Very cool. What's the current best tool to help make the .srt file? e.g. the current best-of-breed text recognition / text alignment tool. Last time I looked at something like this there didn't seem to be a particularly robust solution, especially for text alignment.
Hello! Original author here. I'm not sure about the best tool for creating new .srt files, but for films, you can find pretty much anything on opensubtitles.org or subscene.com (although the quality varies). You can also download .srts for youtube videos (again, quality varies).
I will caution people that downloaded subs are very often misaligned (timing) with your video, due to various cuts of videos, intro logos, disc versions, framerates, etc., etc. Leave your download page open and check one-by-one against the source video.
I think Aegisub (http://www.aegisub.org/) is the current golden standard in the anime community, which is one of the most active when it comes to subtitles.
Last time I did this (~2011} "Subtitle Editor"[1] was a pretty decent solution for *nix-based systems.
On Windows, VisualSubSync[2] was all the rage, iirc.
I wanted to do exactly this, but I wanted to do it at a word level granularity. So that you could input any text and get a video of random clips from many sources each saying exactly the words in the input string.
Word (and phoneme) level granularity is usually used for lip-synching (CG, video games) and karaoke-type applications.
If you have an accurate text transcript, but not detailed enough timings, you can use speech recognition on the audio and it will be very accurate, since you know exactly what is being said (unlike speech recognition on arbitrary speech, this is more like command-and-control). You can do word-level or phoneme-level timing granularity pairing an accurate transcript with the original audio.
The metadata isn't there in regular subtitles, but you can certainly get it there with some post-processing.
Annosoft made a command-line front-end to the Microsoft Speech API, which is what many of these other Windows-based systems may also use, and I used in a project in 1999-2001: http://www.annosoft.com/sapi_lipsync/docs/ (There are other SAPI front-ends if you dig around online, too.)

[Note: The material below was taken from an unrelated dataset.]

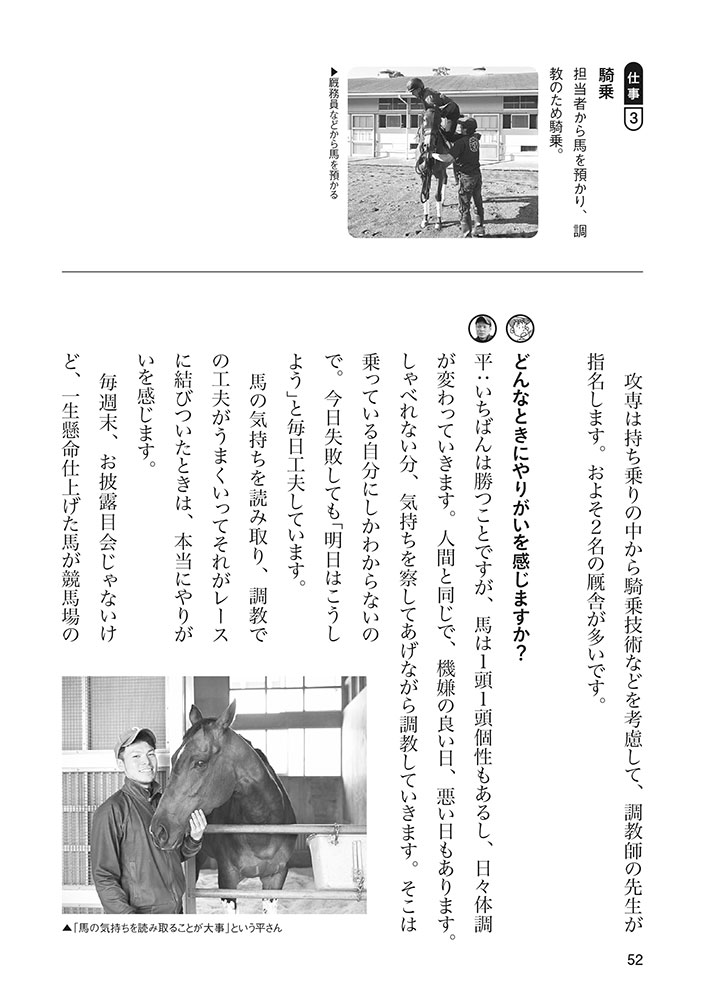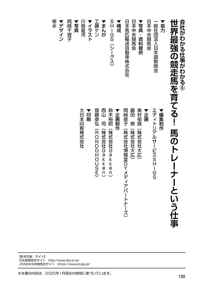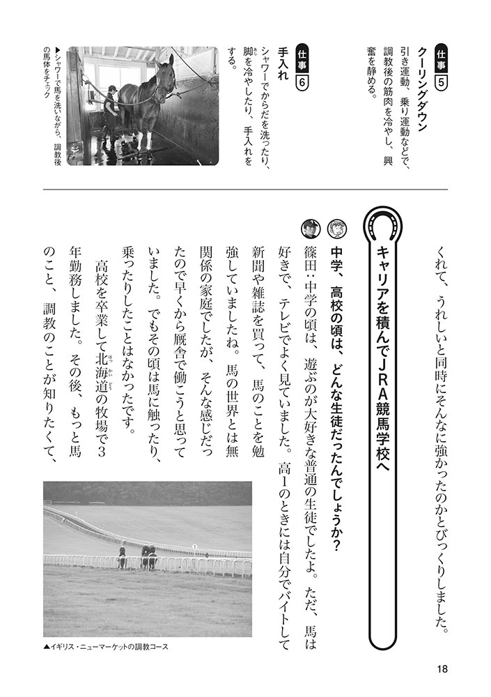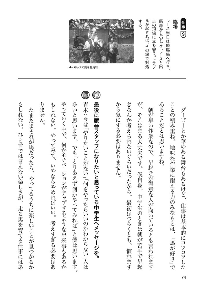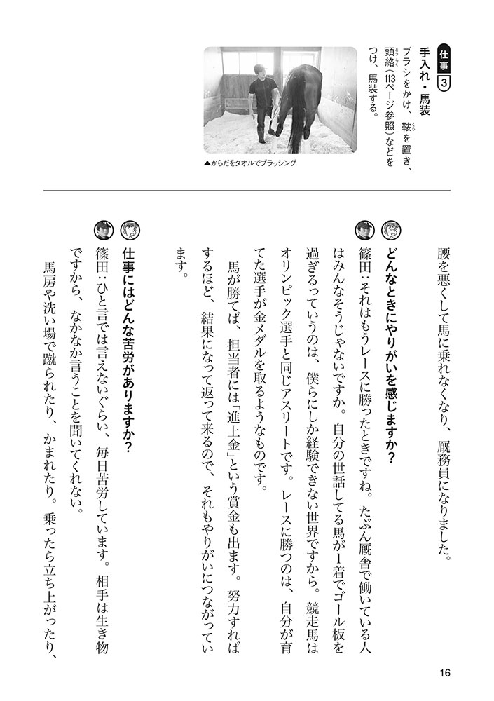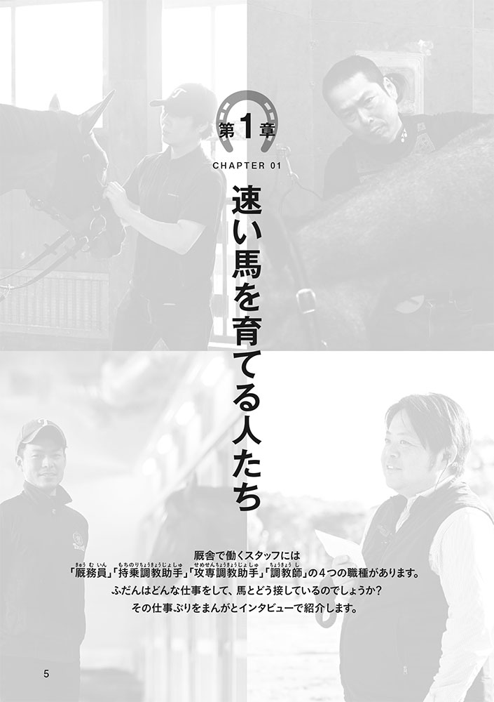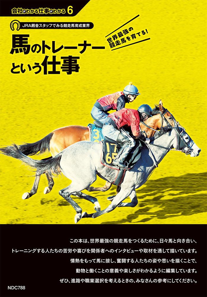 この本は、世界最強の競走馬をつくるために、日々馬と向き合い、トレーニングする人たちの苦労や喜びを関係者へのインタビューや取材を通して描いています。情熱をもって馬に接し、奮闘する人たちの姿や思いを描くことで、動物と働くことの意義や楽しさがわかるように編集しています。ぜひ、進路や職業選択を考えるときの、みなさんの参考にしてください。

You could get a gigantic bunch of film & television subtitles. Almost every movie ever made and every TV show in the past 30 years has pretty good subtitles available from a variety of online sources.
Using common Python NLP techniques you could very easily search for every instance of a phrase across a massive corpora of subtitles.
If you got a large enough collection of subtitles and videos in a single directory this tool would do what you are asking.
How about a program that automatically finds, say, the smallest number of segments that covers all of the input words? At least then the program would do a lot of the heavy lifting for you, and you could do the last bit of cleanup manually.
Nice tool, also I had no idea about the moviepy library used by the tool. Looks like a really nice little library for making small video edits in python. Cool!
I remember reading a while back that employees at big news networks (think Fox, CNBC, CNN, etc.) had access to some massive database of broadcast videos, and tooling built around the database to do exactly this. I can't find the source at the moment, but if anyone knows it, a link could be relevant.
One thing that annoys me with subtitles is that when they even have all the sound effects. [SCREAMS LOUDLY], [OMINOUS MUSIC PLAYS] etc. So something like the Total Recall silence thing probably won't work to a great degree of accuracy in those cases.
Some places call this "closed captioning" (i.e. deaf target audience), versus "subtitles" (target audience is people who can hear, but not understand the language).
Solution: use foreign language subtitles (since the goal is translation and not helping with hearing impaired people, those effects aren't usually included).